Another problem which i faced was I had multiple docstring vector files as i split the docstrings in the train data into chunks and used my computer and Google Colab both to generate docstring vectors from the ALBERT model for different chunks in parallel. The above code snippet discusses reading only a single file and extracting data to form a batch. What if we had to read data from multiple files? FileInput module comes to our rescue! which enables us to read multiple files one after another and extract data from them in sequential manner.

Generator reading from multiple files and creating batches for input during training

One more thing to note is to not shuffle the data as it would lead to slower speeds due to the use of the generator. Also, on shuffling the data set we would loose the benefit of having a sorted data set, instead will have varied lengths of inputs in every batch leading to an increase in the padding tokens added per batch.

Modifying the architecture

Now that we have done the necessary arrangements to fetch our train data set we need a model to process it. We build another transformer model just as we did previously but with a few modifications. We do not include the decoder layers in the transformer instead send the input from the encoder layers of the transformer to an LSTM layer which passes its output to a dense layer to finally output a 768-dimensional vector. Below is the architecture of our modified transformer. We hyper-parameter tune for number of dense layers and the number of hidden units in the LSTM using the validation set and Keras Tuner.

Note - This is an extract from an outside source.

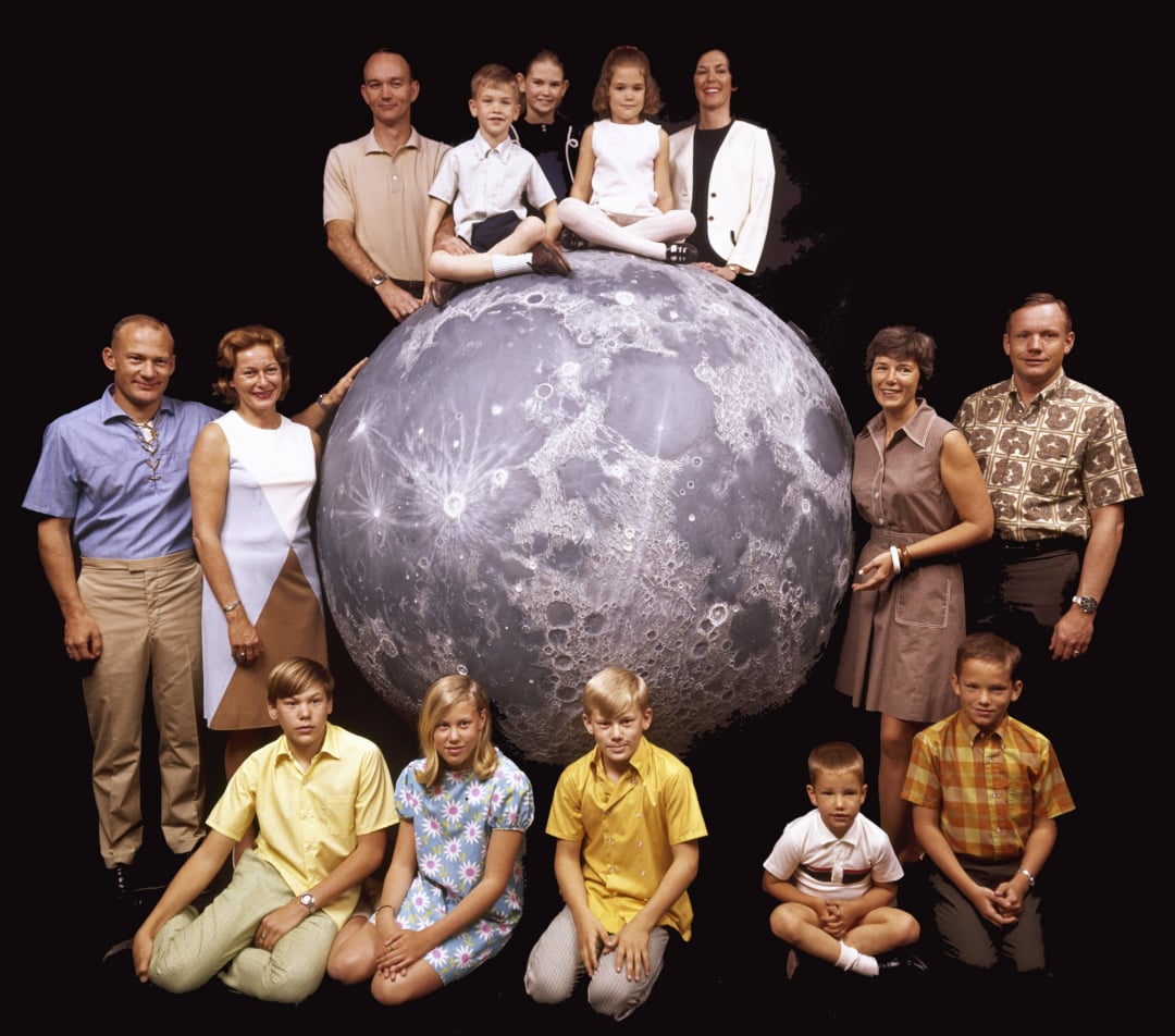 8. NASA astronauts Michael Collins, Buzz Aldrin, and Neil Armstrong with their families, four months before Apollo 11 launched from Cape Kennedy, 1969

Modified Transformer to generate 768-dimensional vectors
Modified architecture of a transformer to generate function vectors

Choosing the loss function to minimize

Our model needs to learn, during training, by comparing the 768-dimensional vector generated for the function input by itself to the ground truth (which is the docstring vector generated by the ALBERT model) and compute a loss. This loss will be back-propagated and the gradient will be updated. We cannot use cross entropy loss for this purpose and instead need a loss function which will calculate the similarity between the vector generated by the model and the ground truth. Optimizing for this loss should increase similarity between the function vectors and the docstring vectors ensuring they be in a shared vector space. The loss which fulfills these characteristics is cosine loss or cosine similarity.

Why Cosine Similarity?

Let’s understand why will cosine similarity fit the role. Suppose we have a word like ‘current’ which has many different meanings, a model while learning a vector representation for such a word will be tugged across various directions due to the varying contexts the word is used in. Due to this the resultant vector will have a lower magnitude value. Now lets consider another word similar in meaning to ‘current’ which is ‘electricity’. ‘electricity’ doesn’t have many interpretations and is used in very similar contexts hence it will have a vector which is very high on magnitude, which states the confidence of the model in the vector.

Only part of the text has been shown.